Idaho Department of Transportation
New Hampshire Department of Motor Vehicles


The state of Idaho's Department of Transportation and the state of New Hampshire's Department of Motor Vehicles (NHDMV) wanted to modernize their data and transfer operations off of their mainframe and onto modern platforms. The dataset sizes for Idaho and New Hampshire were each more than 100 million individual records and each record had a few dozen to a few hundred field values. To add to the challenge, a majority of the tens of billions of individual field values were kept as free-form string fields with sometimes little or no edit validation in place to prevent typographical errors, data-entry errors, or misuse or multiple use of fields.

For these projects, RESPEC staff provided custom-built, data-cleansing, staging, and warehousing infrastructures to help automate and manage the states’ modernization efforts in preparation for migrating to the new systems.
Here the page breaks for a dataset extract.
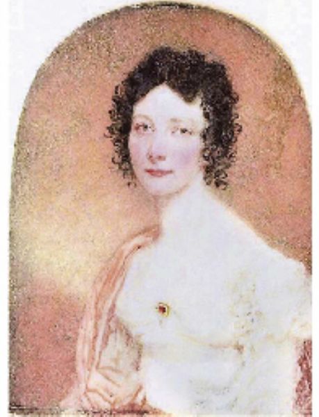 | A young lady, in white dress with brooch at corsage, a pink stole over her shoulder, her dark hair in ringlets | |

The SME Tools Analysis Toolset (STAT), which RESPEC staff designed and built, was an essential part of these operations.

STAT provides an interactive user interface that enables subject-matter experts (SMEs) to quickly and easily browse through entire tables, individual columns, distinct value listings, validation exceptions, and data rules violation reports while optionally applying custom filtering and sorting, drilling down into the underlying source records, and exporting results to files for further analysis. A custom-built analytical data store on the back-end allows interactive real-time results, even for very large datasets. Two sets of tools were developed to support two distinct workflows: (1) tools for “undirected data exploration,” to be used early in the modernization process to “preview” the data as well as build up a starting catalog of rules, validations, and issues, and (2) “directed exploration” tools for reviewing the results of applying these rules and validations. In practice, the combination of undirected and directed analyses; real-time query response; and a clean, organized, simplified view of the data has allowed customers to understand their data better.

The ITD and NHDMV projects are ongoing and, with the cleansing, the systems are achieving high levels of accuracy. Both the ITD and NHDMV have expressed great satisfaction with the STAT toolset, which allows them to already see the results of the data-cleansing efforts.